She is so disappointed.
She is also a bit of a judgey know-it-all.
She is me, in my last year of my teaching degree. Her self-congratulatory attitude is in part due to the pride of just writing an essay entitled “Five Paragraph Death Punch” wherein, the five-paragraph essay was word-kicked in its formulaic little baby-teeth using Five Finger Death Punch lyrics. I still love this essay. I still hold many of the beliefs espoused in it. So then why are my 9th graders writing a five-paragraph essay?
Because I got out of my own way. There are many ways to write well. And even when that writing is contained in a drab five paragraph wrapper, it can be excellent. My students are currently in small group book clubs wrapping up our Civil Rights unit. The goals of this unit are for them to complicate and deepen their understanding of the universal truths and disparities between the way the world has worked and should work.

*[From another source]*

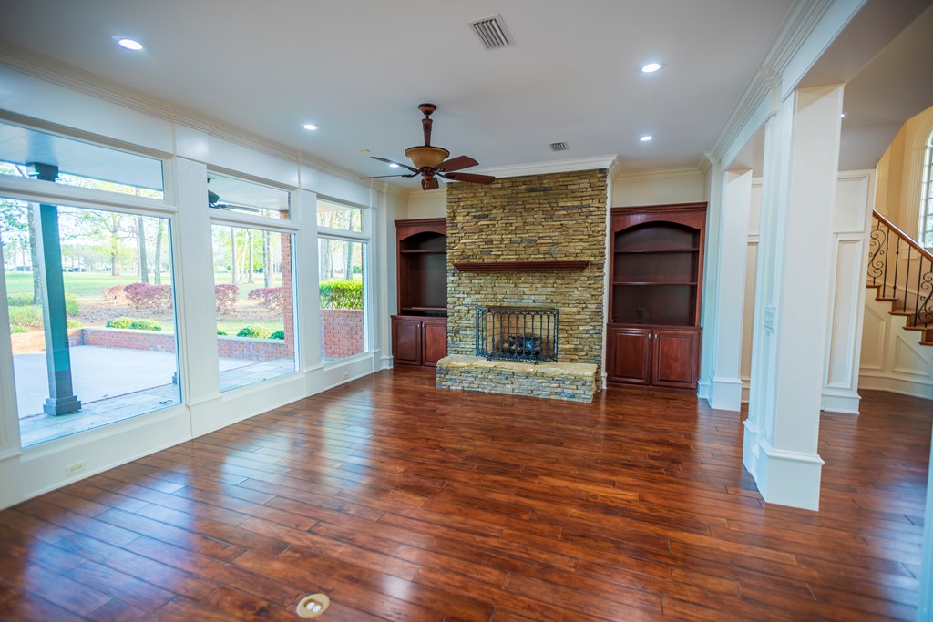 Stunning Custom Brick Home nestled in a prime location with sweeping views of a picturesque golf course and serene pond, this amazing home offers timeless elegance and modern comfort. Step through the grand entrance into a bright, open space where large windows flood the home with natural light. The downstairs boasts generous room sizes, including a living room with a cozy fireplace, a formal dining room, and a private study/office. The gourmet kitchen features a charming breakfast area, perfect for hosting gatherings. The master suite is a private sanctuary, complete with its own fireplace, a spa-like bathroom with a fully tiled walk-in shower and a large jacuzzi tub, and custom-built closets with thoughtful built-ins for added convenience. A spiral staircase leads to the upper level, where you'll find a spacious game room/family room, a bright sunroom with large windows, and an outdoor sun deck overlooking the golf course and pond. Two additional oversized bedrooms each offer access to bathrooms, ensuring comfort and privacy for guests. Elegant details like crown molding, tall ceilings, and timeless light fixtures enhance the home's refined charm. Recent upgrades include a brand-new roof, fresh interior paint, and manicured landscaping. A circular driveway leads to a 2-car garage plus a third garage with a new mini-split AC ideal for a workout room, golf simulator, workshop, or golf cart bay. The outdoor patio provides the perfect spot to relax and enjoy the peaceful surroundings. Located in the prestigious Kinderlou Forest, a 24/7 gated community, residents enjoy top-tier amenities, including two community pools, two fitness centers, pickleball/tennis courts, the Oaks restaurant, fishing ponds, playgrounds, and scenic walking trails. This home sits on one of the best lots in Kinderlou, combining luxury, privacy, and breathtaking views. Don't miss out on this Rare opportunity! Copy and Paste video link for a tour https://www.youtube.com/watch?v=yIUsjAUiTIE.

I’m asking them to wrestle with these concepts on the page.
Each week we’re following the routine of mentor Monday, reading and discussion Tuesday-Thursday, then writing Fridays.” On Mentor Mondays we unpack a poem together, practicing the skills we’ll use throughout the week. They prepare for their group’s discussions by reading, collecting passages related to a theme topic, and preparing questions using the AVID opening, core, and closing Socratic questioning model. Finally, they take the best of their thinking from their discussion and annotations and turn it into their paragraphs on Friday.
We will do this three times. Each Friday they are writing what will eventually be one of their three body paragraphs of their final essay. So, am I a sell out? Did I let the man get me down? When I envisioned my classroom, I struggled to see past the way I was taught. I couldn’t see past my experience of saying just enough of the teacher’s lecture back to them to get an A. I couldn’t see how traditional forms could be used to inspire new thinking. I can’t pretend I’ve got this all figured out. There is a saying I used to hold dear, then put on a shelf, but now in my teaching career it has taken on new meaning: “a beggar telling another beggar where to find bread.”
I think that’s where it’s at for us as teachers, showing them where the bread is. Where they can find the good–in themselves, in the world. Where they can find truth and contain it in words. To express the realities of their lives and the lives of those they could never meet. To practice radical empathy.
She can be disappointed. She can judge.
She hasn’t seen what we have.
She hasn’t held the attention of twenty-eight fifteen-year-olds and wondered if she was worthy of it.
She will learn.
Luckily, someone showed her where the bread was.